You can wrap a dgCMatrix as a BPCells IterableMatrix by running as(mergedsamples[["RNA"]]$data, "IterableMatrix")
, and converting from a dense R matrix requires a two-step process, converting first to dgCMatrix then IterableMatrix: mergedsamples[["RNA"]]$scale.data |> as("dgCMatrix") |> as("IterableMatrix")
In summary, if I've diagnosed your problem correctly, then your two options are either to run your normalization starting with a BPCells-backed counts matrix or to manually convert in-memory matrices to BPCells matrices as I described above.

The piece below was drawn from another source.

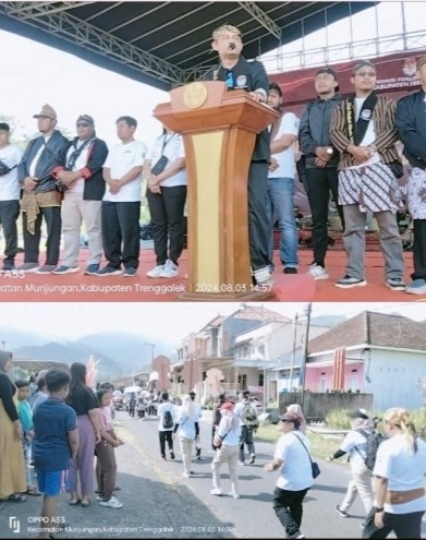 Hari ini, Sabtu, 3 Agustus 2024, merupakan hari ketiga pelaksanaan Kirab Maskot Pilgub Jatim dan Pilbup Trenggalek Tahun 2024 di Kabupaten Trenggalek.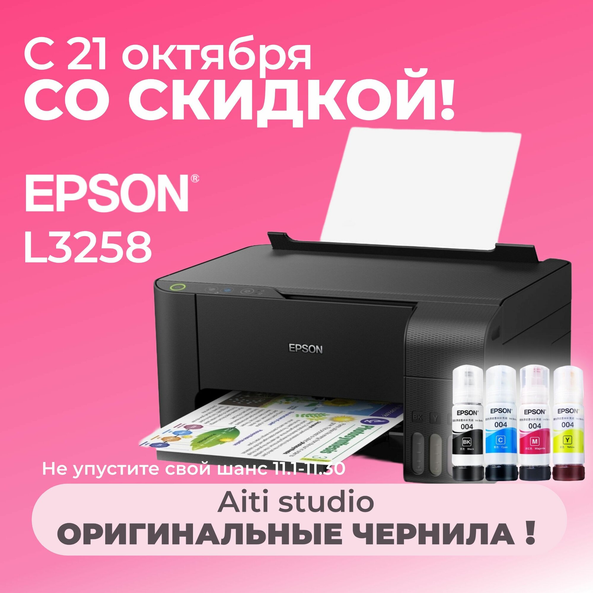 Epson МФУ Струйное L3258A4, Wi-Fi, USB с 4 флаконами оригинальных чернил, черный, серый металлик информация:

Thank you for this great tool. I have finished integrating and annotating my data which could not have been done without this tool. Now I need to convert the object to h5ad to do some downstream analysis.
write_matrix_hdf5(obj[["RNA"]]$counts, "counts.h5")
I am wondering how to save the data and scaled values as well, and the metadata, information about clusters and umap to have a complete object in h5ad.